Several years ago I worked with a team to build a production CI/CD pipeline for an AWS project. At that time, none of the major cloud vendors offered their own CI/CD services, so we then used the open source GO CD server.
Although we were successful, the project was tedious and took several months. For this reason, I’ve been interested to try out integrated alternatives as they become available.
Lately, much of my production work has involved constructing and testing cloud-based data pipelines at scale for bioinformatics research. I have been thinking for awhile now about how best to use new cloud-based CI/CD services in automating these complex pipeline deployments.
Picturing Automated Deployment
As I worked through a well-written tutorial on GCP CI/CD today, I was surprised to be unable to find any sort of diagram of the process. Although I was able to complete the tutorial successfully, I was still left feeling like I was not fully comprehending the solution architecture applications.

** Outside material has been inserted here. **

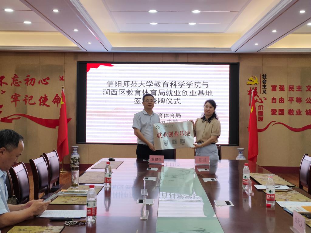 董银银一行来到洛阳市涧西区教育体育局、洛阳国宏园区发展有限公司进行访谈调研。单位负责人介绍了各自的建设发展情况以及人才需求情况。董银银对教育科学学院的基本情况、师资力量、学科专业建设以及2023届毕业生情况等作了详细介绍。座谈会上,校企双方围绕协同育人、开拓就业岗位、创新实践等方面进行深入交流。活动最后,教育科学学院党委副书记董银银代表学院与洛阳市涧西区教育体育局、洛阳国宏园区发展有限公司分别签订校企合作协议并授予“信阳师范大学就业创业基地”牌匾。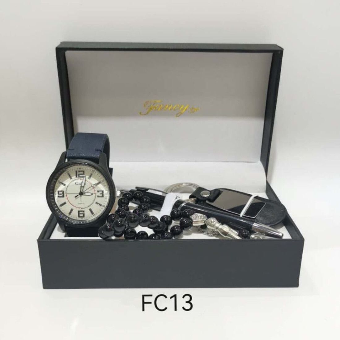Un coffret cadeau 4-en-1 élégant : montre, chapelet, stylo et porte-clés que vous pouvez personnaliser.

Next, I attempted to draw my own version of what I completed in the tutorial. Quickly sketching considerations from my production experience and trying to combine that with what I had learned from completing the tutorial was unsatisfying. The result is shown below.
A clear path through the complexity of the steps involved wasn’t yet apparent to me. After sketching, I tried thinking about each service or set of services that would be involved in building this type of pipeline.
Considering GCP Services
I started by trying to understand the GCP Tool Services offerings and how each service would relate to building a CI/CD solution for the type of data pipelines my teams have been building.
There are a number of tools. Below is my summarized understanding of each of the GCP services listed on the Tools menu. Note that all of these services are serverless.
- Cloud Build— to create build pipelines with steps & triggers; outputs artifacts (images…)
- Cloud Scheduler — to schedule cron jobs
- Cloud Tasks — to schedule explicit async tasks
- Container Registry — to host public or private container (docker) images
- Source Repositories — to host or sync Git code repositories
- Deployment Manager — to deploy infrastructure from static or dynamic templates
- Private Catalog — to specify approved deployments
Then I watched a few presentations from the recent GCP:Next conference. The most useful to me were the following:
- “CI CD Across Multiple Environments” — interesting, but showed combining non GCP tools (Jenkins, HashiCorp Vault…) with GCP tools, so added even more complexity to potential scenarios.
- “Develop Faster on K8 with Cloud Build” — compelling demo of Skaffold library for K8, but no end-to-end scenario was shown.
- “Develop, Deploy & Debug with GCP Tools” — most useful was demoes showing aspects of working with various services, such as the very intelligent search in Source Repositories.
Although these presentations and doing the tutorial were helpful in my understanding of how I might use these services for my customers, I still couldn’t visualize what I would actually build. To that end, I made an attempt to diagram one possible CI/CD architecture for a use case that I’ve been working on for awhile now.
Visualizing CI/CD for GCP Data Pipelines
Here’s my attempt to design a solution for one of my customers. I’ll describe the application architecture first. The use case is bioinformatics research via a specialized machine learning library for genomics, VariantSpark.
Below is a diagram of solution architecture on GCP K8:
You’ll note that this is a Data Lake with the K8 cluster processing data from GCS. Managed Jupyter Notebooks are part of the solutions as this is the preferred environment for research work.
Shown below is my first draft of how I imagine my team could use GCP CI/CD services to build a pipeline to deploy a VariantSpark K8 cluster on GCP.
Because VariantSpark in an open source library, there are continual improvements to it. However, because VariantSpark is a research tool, it uses major and minor version numbers in release so that it can be cited in reproducible bioinformatics research papers.
So the process to build a cluster first requires determining which version of the VariantSpark JAR file is desired for the base container image. The pipeline may needs to perform a maven build on the source GitHub Repo for VariantSpark.
Cloud Build artifacts include Docker Images, Kubernetes Clusters and more
GCP Source Repositories can mirror GitHub Repos. Cloud Build can use triggers on Source Repositories to trigger builds. Cloud Build includes builder (task) for various types of images including maven. Cloud Build builders also include docker and kubectl, so the VariantSpark JAR file could be built as part of the docker image and that image could be used to spawn a GKE cluster.
Additionally, Google Deployment Manger could serve a YAML-deployment which details other GCP service configurations that are needed for a GKE cluster. It also seems possible to use GCP Private Catalog for research groups who have GCP Organizational Accounts to offer a VariantSpark GKE deployment template.
Now that I’ve learned the fundamentals of these services, I am looking forward to working with research and DevOps teams world-wide to build serverless CI/CD pipelines for bioinformatics.
Lynn Langit is a big data and cloud architect, a Google Cloud Developer Expert, an AWS Community Hero, and a Microsoft MVP for Data Platform.